Use the `--json-gene-mapping` parameter to specify how JSON fields map to annotations:

```json
{
  "identifier": "gene_symbol",
  "dataFields": ["panel", "inheritance", "actionability"]
}
```

- `identifier`: The JSON field containing the gene symbol
- `dataFields`: Array of fields to include in the Custom_Annotation column

#### Usage Example

```bash
variantcentrifuge \
  --gene-file cancer_genes.txt \
  --vcf-file patient.vcf.gz \
  --annotate-json-genes gene_metadata.json \
  --json-gene-mapping '{"identifier":"gene_symbol","dataFields":["panel","inheritance","actionability"]}' \
  --output-file annotated_variants.tsv
```

This will add annotations like `panel=HereditaryCancer;inheritance=AD;actionability=Tier1` to the Custom_Annotation column for variants in matching genes.

#### Adding JSON Annotations as Separate Columns

For a more structured output suitable for direct analysis, you can add each JSON data field as its own column instead of bundling them into the `Custom_Annotation` field. This is enabled with the `--json-genes-as-columns` flag.

**Usage Example:**

```bash
variantcentrifuge \
  --gene-name GENE \
  --vcf-file input.vcf.gz \
  --annotate-json-genes gene_data.json \
  --json-gene-mapping '{"identifier":"symbol","dataFields":["ngs","actionability"]}' \
  --json-genes-as-columns \
  --output-file variants_with_columns.tsv
```

This command will produce a TSV with two new columns, `ngs` and `actionability`, populated with the corresponding values from `gene_data.json`.

### BED File Annotations

Annotate variants with genomic regions using BED files:

```bash
variantcentrifuge \
  --gene-name GENE \
  --vcf-file input.vcf.gz \
  --annotate-bed hotspots.bed \
  --annotate-bed regulatory_regions.bed \
  --output-file output.tsv
```

### Gene List Annotations

Check if variants affect genes in custom lists:

```bash
variantcentrifuge \
  --gene-file all_genes.txt \
  --vcf-file input.vcf.gz \
  --annotate-gene-list actionable_genes.txt \
  --annotate-gene-list drug_targets.txt \
  --output-file output.tsv
```

### Combined Annotation Strategy

For comprehensive analysis, combine multiple annotation sources:

```bash
variantcentrifuge \
  --gene-file disease_genes.txt \
  --vcf-file patient.vcf.gz \
  --annotate-bed known_hotspots.bed \
  --annotate-gene-list clinically_actionable.txt \
  --annotate-json-genes gene_database.json \
  --json-gene-mapping '{"identifier":"symbol","dataFields":["panel","evidence","notes"]}' \
  --preset rare,coding \
  --html-report \
  --output-file comprehensive_analysis.tsv
```

### Integration with Scoring

Custom annotations can be used in variant scoring formulas.
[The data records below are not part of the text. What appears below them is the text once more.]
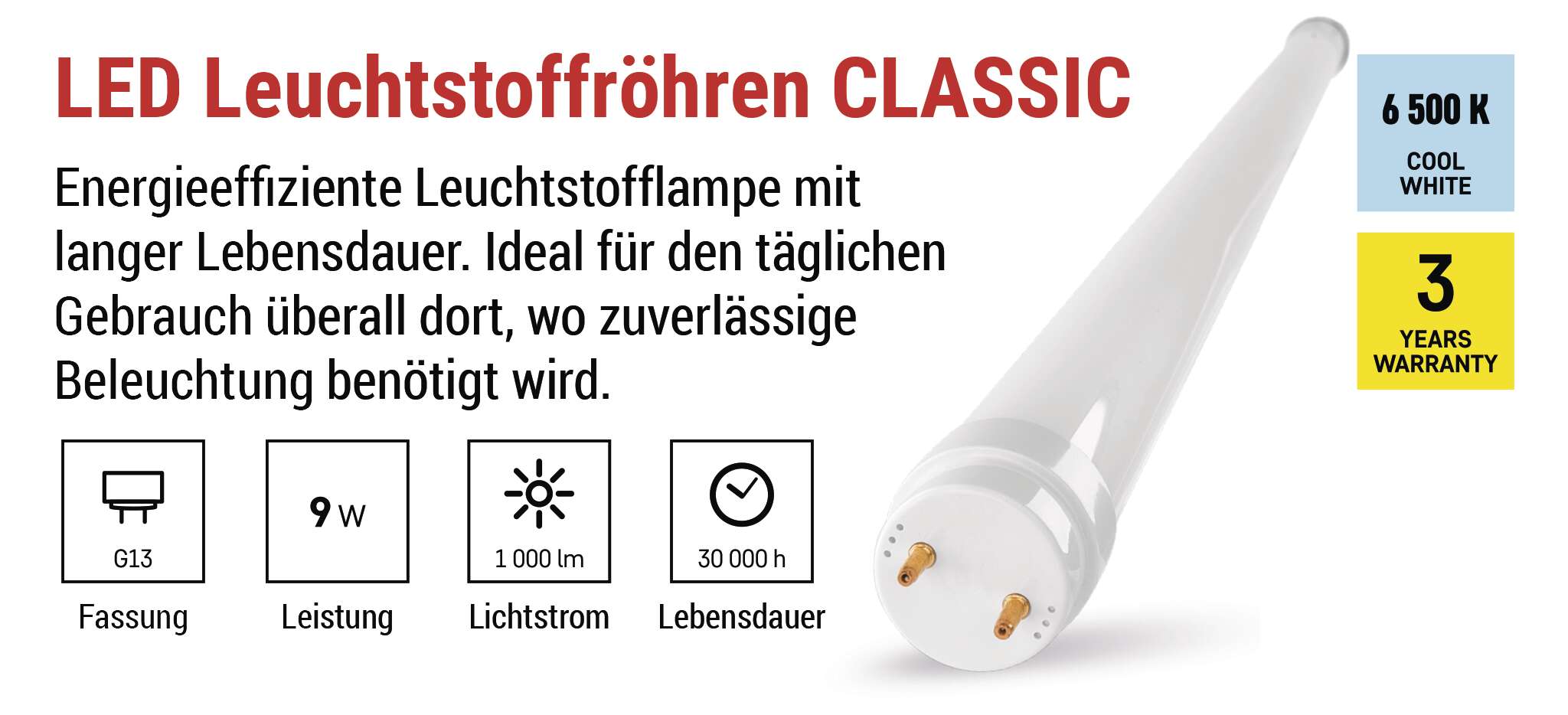 | Sockel (Befestigung der Glühbirne) | G13 |
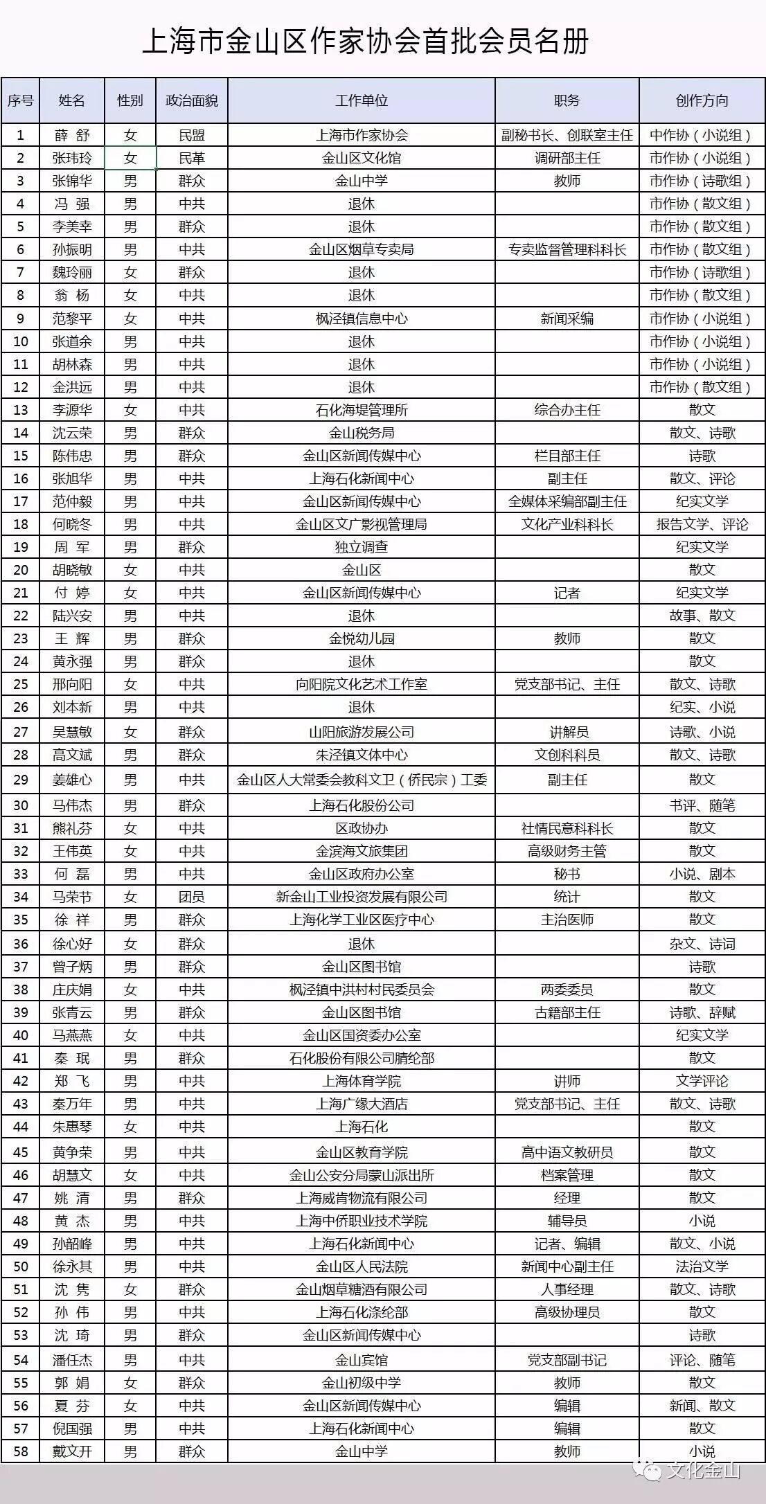 大会听取了薛舒同志代表筹备工作组所作金山区作家协会筹备工作报告,审议通过了《上海市金山区作家协会章程》。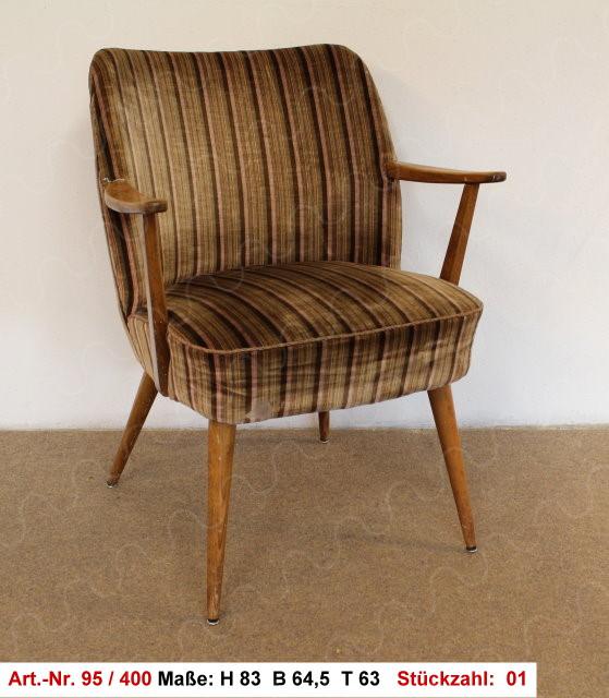Cocktailsessel, 4 Holzbeine, braun-gestreifter Stoffbezug, 50er Jahre

For example, if you annotate with `actionability` levels, you can create scoring formulas that prioritize Tier1 actionable variants.

## Best Practices Summary

1. **Plan your annotation strategy** based on your analysis goals
2. **Use the latest database versions** when possible
3. **Validate annotation completeness** before analysis
4. **Document your annotation workflow** for reproducibility
5. **Test on small datasets** before processing large cohorts
6. **Keep database versions consistent** across related analyses
7. **Consider population-specific databases** for diverse cohorts
8. **Backup original VCF files** before annotation
9. **Monitor resource usage** for large-scale annotations
10. **Validate critical variants manually** when needed
11. **Use custom annotations** to integrate project-specific gene metadata
12. **Combine annotation sources** for comprehensive variant characterization

By following these annotation strategies, you'll ensure that VariantCentrifuge has access to high-quality, comprehensive variant annotations for effective filtering and analysis.